Saved entries
++++++

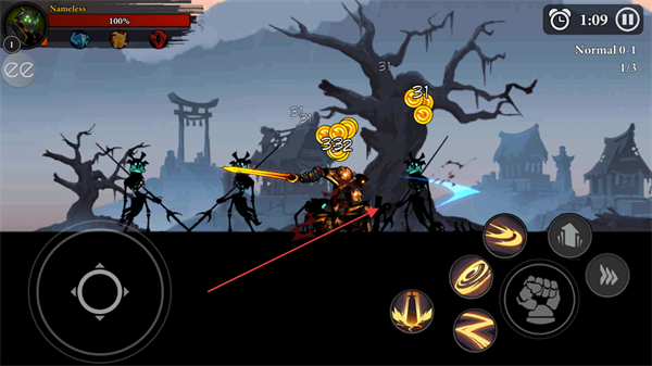 3、击败一波敌人后,向新的敌群移动,继续推进关卡进度。
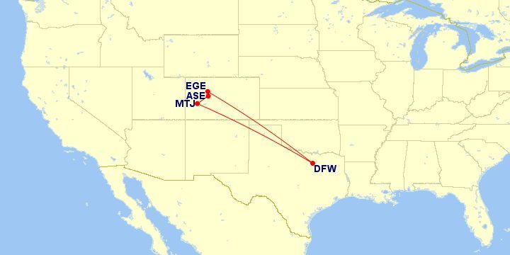 Este voo de Vail para Aspen faz parte de uma viagem mais longa que começa em Dallas: o avião voa de Dallas para Vail, em seguida para Aspen, depois para Montrose e só então retorna novamente para Dallas.
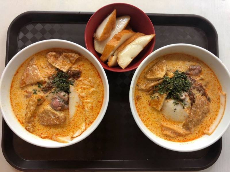 鲜艳的咖喱黄,每一勺都充满浓郁椰浆的香味。 我们要的细米粉,佐料有对半切开的白煮蛋、豆芽、豆乾和鱼饼,最讲究的是生的狮蚶。 沾著汤汁,味蕾幸福到爆炸。
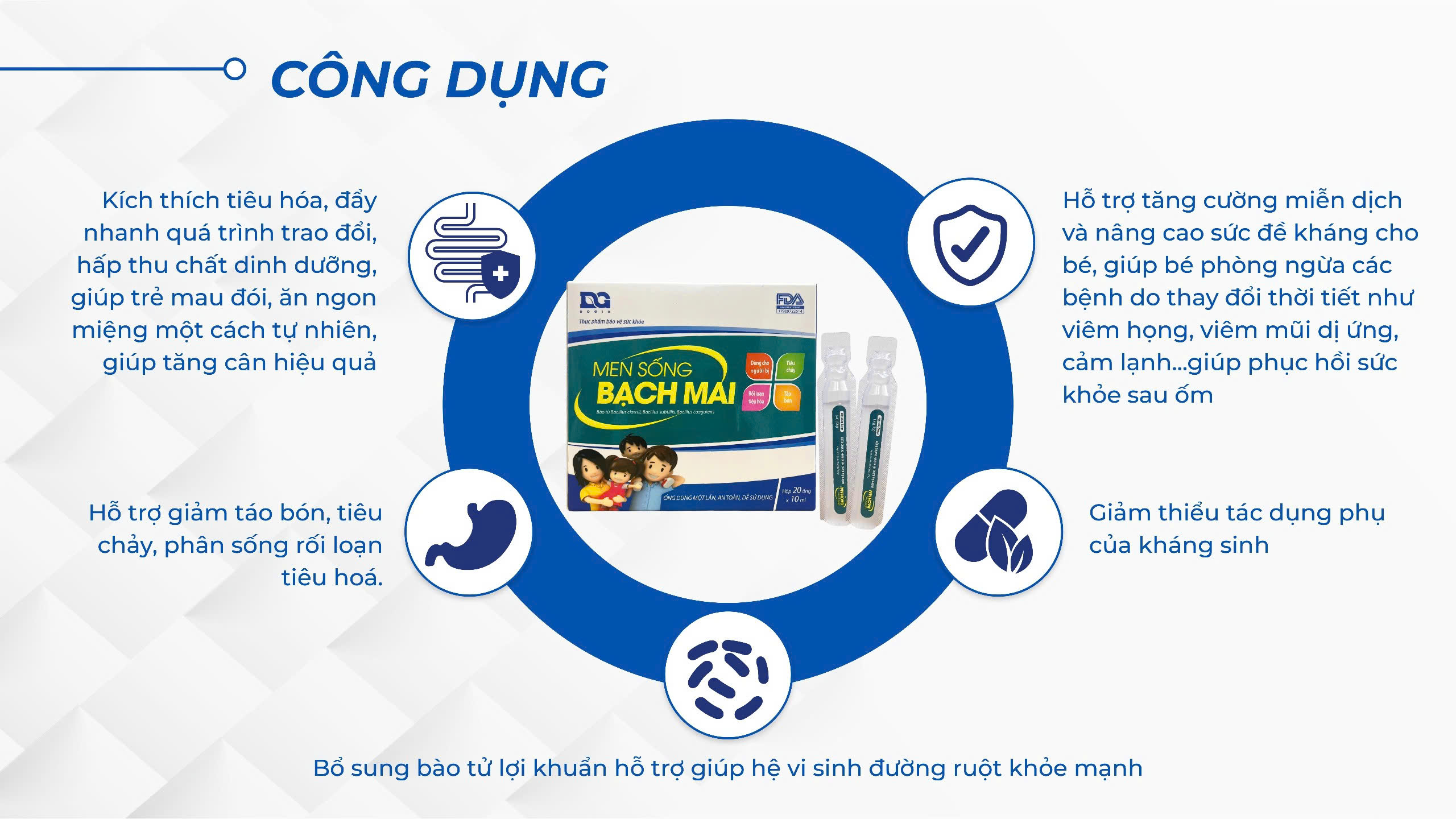 • Kết hợp với kẽm giúp cải thiện nhanh rối loạn tiêu hóa, kích thích ăn uống ngon miệng
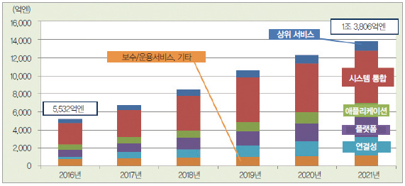 시장을 차지하는 비중이 높은 시스템 통합은 앞으로도 빅데이터와 IoT 시스템 활용 수요가 높아지면서 탄탄한 성장이 예상된다. 애초에는 데이터 수집과 PoC(콘셉트 검증) 안건이 중심이었지만, 본격적인 도입 안건의 증가에 따라 단가의 상승이 예상되어 향후 성장을 방해할 것으로 보인다. 앞으로는 시스템의 규모 및 적용 범위 확대, 기간 시스템(SoR) 연계가 수요 증가의 포인트가 될 것이다.
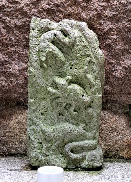 龍(蛇に見えるけど)を掘った古い石。
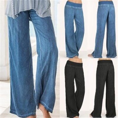 パンツ デニム レディース 秋 ボトムス コットン100% ウエストゴム ゆったり ジーンズ ズボン ジーパン ガウチョパンツ ワイド バギーパンツ
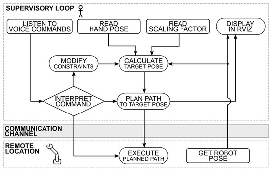 When possible, TeMoto leverages ROS packages to minimize the redevelopment of existing capabilities. MoveIt! [41] (which internally utilizes RViz [39] and the Open Motion Planning Library (OMPL) [42]) provides the robot’s kinematics, motion planning and 3D visualization. ROS Navigation [43] generates collision-free paths for the mobile base. Voice commands are converted to text using a speech recognition package Pocketsphinx [44]. The TeMoto Core contains 5 developed modules, implemented as ROS nodes. Instruction parser acts as a filter that detects valid voice commands. Manipulator Interface and Base Interface provide means for manipulation and mobile navigation respectively. The Human-Robot Interface (HRI) agent directs teleoperation system based on operator input and feedback data. It is also responsible for keeping track of the system’s overall status. The HRI agent is structured as a supervisory controller (Figure 5), which continuously monitors command inputs (hand pose, scaling factor and voice commands). Visualization Manager processes all operator graphical guidance and constraint related data for visualizing in RViz. The hand pose, robot pose and surrounding environment are visually combined after adjusting for current scale.
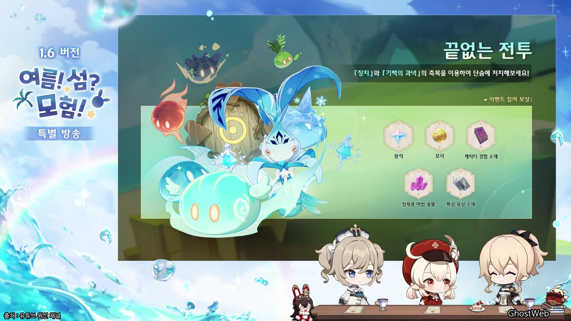 ○ 1.6버전 특별 방송 안내 (출처 : 유튜브 원신 채널)

++++++

Work request:
Find the line that contains "uống ngon miệng". Reproduce it and every later line of the records exactly, minus the pictures.

Output of the exercise:
 • Kết hợp với kẽm giúp cải thiện nhanh rối loạn tiêu hóa, kích thích ăn uống ngon miệng
 시장을 차지하는 비중이 높은 시스템 통합은 앞으로도 빅데이터와 IoT 시스템 활용 수요가 높아지면서 탄탄한 성장이 예상된다. 애초에는 데이터 수집과 PoC(콘셉트 검증) 안건이 중심이었지만, 본격적인 도입 안건의 증가에 따라 단가의 상승이 예상되어 향후 성장을 방해할 것으로 보인다. 앞으로는 시스템의 규모 및 적용 범위 확대, 기간 시스템(SoR) 연계가 수요 증가의 포인트가 될 것이다.
 龍(蛇に見えるけど)を掘った古い石。
 パンツ デニム レディース 秋 ボトムス コットン100% ウエストゴム ゆったり ジーンズ ズボン ジーパン ガウチョパンツ ワイド バギーパンツ
 When possible, TeMoto leverages ROS packages to minimize the redevelopment of existing capabilities. MoveIt! [41] (which internally utilizes RViz [39] and the Open Motion Planning Library (OMPL) [42]) provides the robot’s kinematics, motion planning and 3D visualization. ROS Navigation [43] generates collision-free paths for the mobile base. Voice commands are converted to text using a speech recognition package Pocketsphinx [44]. The TeMoto Core contains 5 developed modules, implemented as ROS nodes. Instruction parser acts as a filter that detects valid voice commands. Manipulator Interface and Base Interface provide means for manipulation and mobile navigation respectively. The Human-Robot Interface (HRI) agent directs teleoperation system based on operator input and feedback data. It is also responsible for keeping track of the system’s overall status. The HRI agent is structured as a supervisory controller (Figure 5), which continuously monitors command inputs (hand pose, scaling factor and voice commands). Visualization Manager processes all operator graphical guidance and constraint related data for visualizing in RViz. The hand pose, robot pose and surrounding environment are visually combined after adjusting for current scale.
 ○ 1.6버전 특별 방송 안내 (출처 : 유튜브 원신 채널)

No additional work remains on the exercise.